---- Information provided
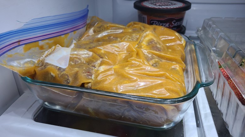 - Place the ribs into a gallon ziploc bag, or a big bowl, and pour the marinade over it, making sure that everything gets coated evenly.
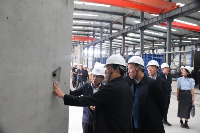 集團(tuán)總工程師、新型建材黨支部書記、董事長(zhǎng)王弘起帶領(lǐng)與會(huì)人員觀看了《預(yù)制構(gòu)件三維動(dòng)畫》工藝宣傳片,參觀了裝配式PC構(gòu)件生產(chǎn)流水線、機(jī)電預(yù)制安裝生產(chǎn)車間,詳細(xì)介紹了風(fēng)電塔筒混凝土管片生產(chǎn)流程。參觀人員詢問(wèn)裝配式構(gòu)件的生產(chǎn)工藝和質(zhì)量控制情況,對(duì)裝配式建筑有了進(jìn)一步的了解,對(duì)集團(tuán)積極推進(jìn)裝配式發(fā)展方面取得的成績(jī)給予了充分肯定。
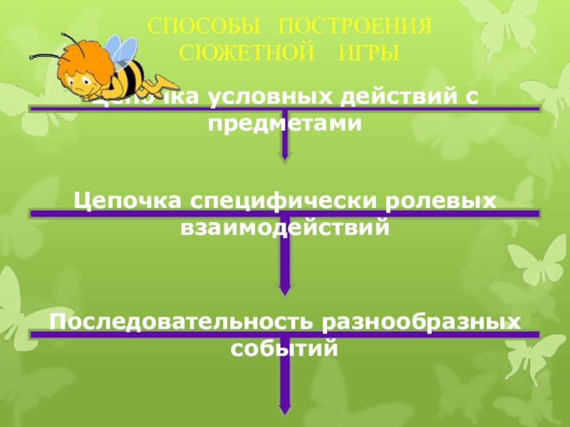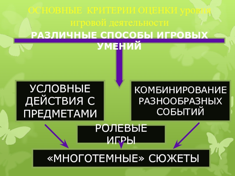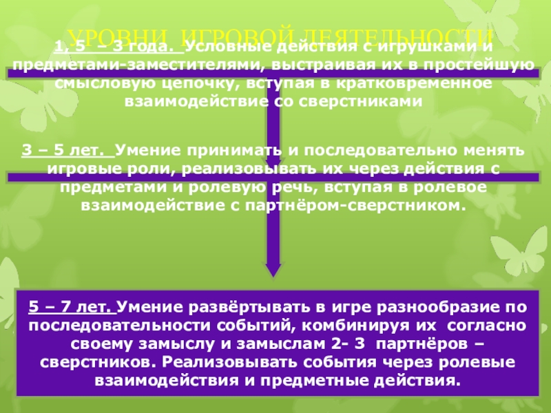 5 – 7 лет. Умение развёртывать в игре разнообразие по последовательности событий, комбинируя их согласно своему замыслу и замыслам 2- 3 партнёров – сверстников. Реализовывать события через ролевые взаимодействия и предметные действия.
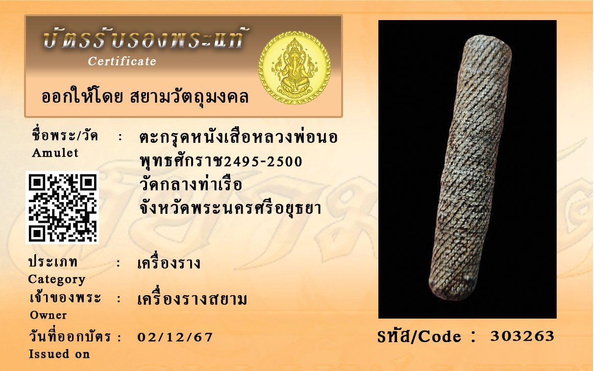 รหัสสินค้า : 303263 ตะกรุดหนังเสือหลวงพ่อนอ พุทธศักราช2495-2500 วัดกลางท่าเรือ จังหวัดพระนครศรีอยุธยา
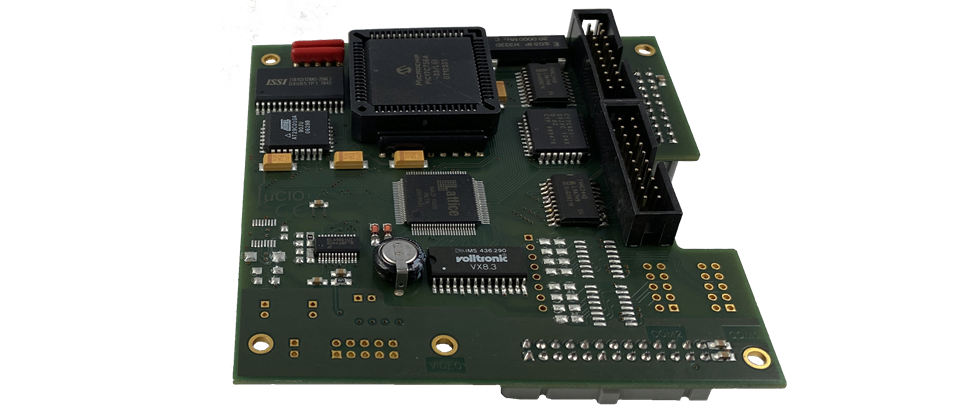 Die Option µCIO für das Einplatinenfarb-DE µCDE wird rechts auf die Baugruppe µCDE gesteckt. Es ist eine universelle I/O-Baugruppe und erweitert die DE µCDE um zwei Schnittstellen RS-232, einen weiteren autonomen Meterzähler, einen NV-Speicher für Meßwerte (Neigungsprofil), einen Video-Multiplexer (Satellit), einen Video-Buffer, einen Video-Daten-Empfänger und digitale I/O. Mit einer speziellen Software wird diese Baugruppe optimal an die TV-Anlage adaptiert.
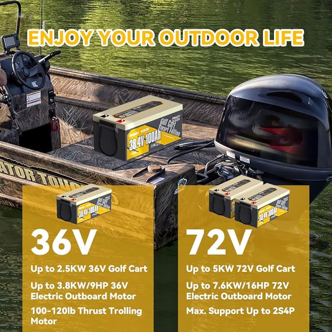- ⚡【High Horsepower Compatibility】 The 36V configuration supports a 3.84kW motor (9 HP), while the 72V setup can handle up to a 30.72kW motor (49 HP), making it ideal for high-performance electric outboard motors and golf carts
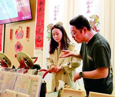 游客在襄阳古城管家巷体验老河口木版年画文创产品制作。本报记者郭冠东摄
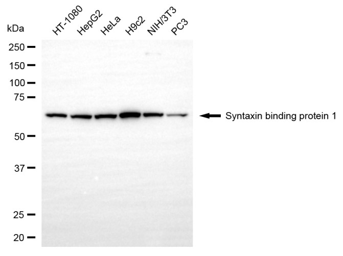 Western blotting analysis using syntaxin binding protein 1 antibody. Total cell lysates (30 μg) from various cell lines were loaded and separated by SDS-PAGE. The blot was incubated with syntaxin binding protein 1 antibody and HRP-conjugated goat anti-rabbit secondary antibody respectively.
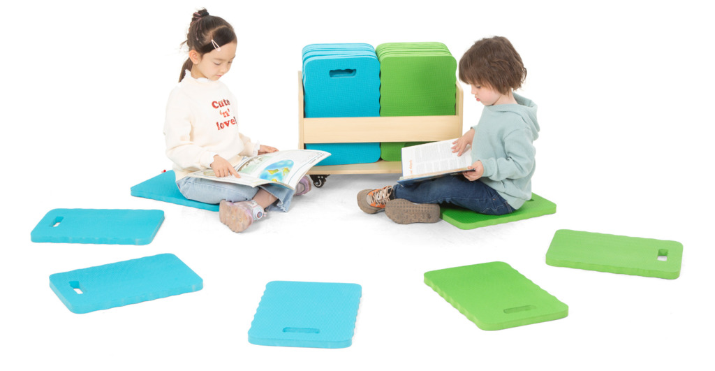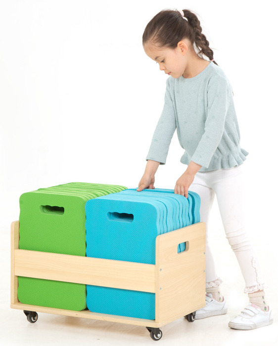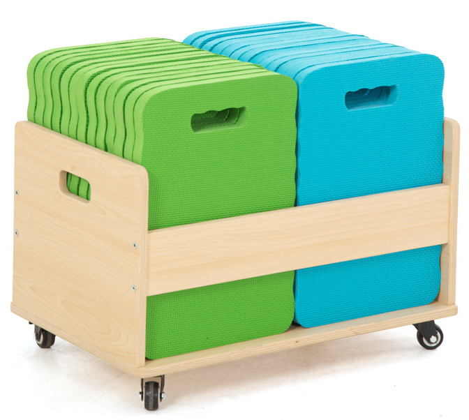 Der Sitzkissenwagen mit 4 stabilen Lenkrollen aus Stahl mit Gummi-Bereifung enthält 28 bequeme Sitzkissen, die mit großen Grifföffnungen ausgestattet sind. Sie eignen sich perfekt für Morgenkreise, Erzählstunden und alle Gelegenheiten, die schnell und einfach eine größere Anzahl von Sitzgelegenheiten erfordern. Auch für Outdoor-Veranstaltungen können sie verwendet werden, um Feuchtigkeit und Schmutz fernzuhalten, während man darauf sitzt.
--------
Exercise aim
Starting at the line above that holds "- ⚡【High Horsepower", repeat every line exactly down to and including the line that holds "游客在襄阳古城管家巷体验老河口木版年画文创产品制作。本报记者郭冠东摄", then stop. Do not carry over any pictures.

Answer space
- ⚡【High Horsepower Compatibility】 The 36V configuration supports a 3.84kW motor (9 HP), while the 72V setup can handle up to a 30.72kW motor (49 HP), making it ideal for high-performance electric outboard motors and golf carts
 游客在襄阳古城管家巷体验老河口木版年画文创产品制作。本报记者郭冠东摄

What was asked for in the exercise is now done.